Atitudes pelo fim da corrupção - Gazeta Mercantil - p. A-10 - 15.08.2007

No Brasil atual está muito difícil encontrar quem esteja satisfeito com a Administração Pública. Em todos os cantos do país, ouvem-se notícias sobre condutas ilícitas praticadas por funcionários públicos, as quais nos envergonham como nação. Boa parte desses fatos vincula-se a costumes clientelistas, ou à corrupção.

O quadro vem se agravando nos últimos anos, na medida em que se tem percebido a relação promíscua entre empresas privadas - as financiadoras de campanhas eleitorais, principalmente - e o Estado em negócios jurídicos de monta.

Acontecimentos recentes, também, tiveram o condão de abalar nossas convicções quanto à lisura nas nomeações para cargos públicos em autarquias e empresas estatais. Vale observar que interesses de partido sobrepõem-se à qualificação técnica na escolha das pessoas para o exercício de funções especialíssimas.

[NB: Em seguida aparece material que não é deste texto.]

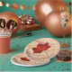 Party-Papierdruckpapier-Teller mit rotem Blatt. Rustikaler heller Holzboden mit großen roten Ahornblättern in der Mitte. Passen Sie den gebogenen, gedruckten Text unten an, um Ihre Veranstaltung zu feiern.

Com muita razão, advogados escrevem e se manifestam na mídia, criticando o Poder Público, em gênero, e a irresponsabilidade de determinados governantes, em particular. Há, no entanto, uma sensação de certa fraqueza da sociedade civil e muitos se perguntam por onde começar a mudança no estado das coisas.

No âmbito da advocacia, existe um poder muito grande apto a gerar até mesmo alterações em rançosos padrões sócio culturais. Veja-se a questão da corrupção. Se cada advogado reagir a pedidos indevidos de funcionários públicos, recusando exigências ainda que positivas ao cliente, ter-se-ia a extinção dos urubus de cartório que entravam atos corriqueiros com o objetivo de pedir vantagens.

Da mesma forma, se os advogados se unissem na identificação de corruptos e utilizassem mecanismos coletivos de proteção contra as armadilhas dessa canalha, talvez, fosse possível elaborar notícias de crime e representações mais bem embasadas, sem o medo da perseguição individual que os atormenta.

Além disso, cumpre ao advogado recusar-se a atuar em casos, nos quais os clientes venham a buscar interferências de estranhos no patrocínio das demandas. Amigos, aparentados, compadres de quem tem a caneta na mão, na expressão popular, devem ser defenestrados, pouco importa o grau de jurisdição, onde se ouça tal espécie de ludibrio.

Alguém poderia refutar essas ideias, dizendo que sempre vai existir quem possa compactuar com os corruptos e que tudo não passa de utopia. A contar de casuísmos, outros vão manifestar a facilidade de se defender esse ponto de vista, porque não se está na pele deles, no exercício da advocacia em lugares distantes, ou em situações complicadas.

Tais objeções merecem ser replicadas com algumas ponderações simples. A primeira se circunscreve a um aspecto matemático: quanto mais forem os advogados que radicalizarem contra a corrupção, mais se dificultará a ação de corruptos e corruptores. A segunda vincula-se ao fascínio, inerente à condição de advogado, de marchar contra a corrente. Caso o advogado não tenha coragem de enfrentar as adversidades e tema desagradar o poder, ainda que, poder carcomido pelo crime, deveria pensar seriamente em trocar de profissão.

Por fim, o caráter utópico da união da classe contra os desvios no trato da coisa pública só enobrece a proposta. Pode-se compartilhar aos brados de um sonho, sonho de Brasil melhor e mais justo, ao invés de se sussurrar a ausência de perspectiva diante das nuvens cinzentas que nos cobrem.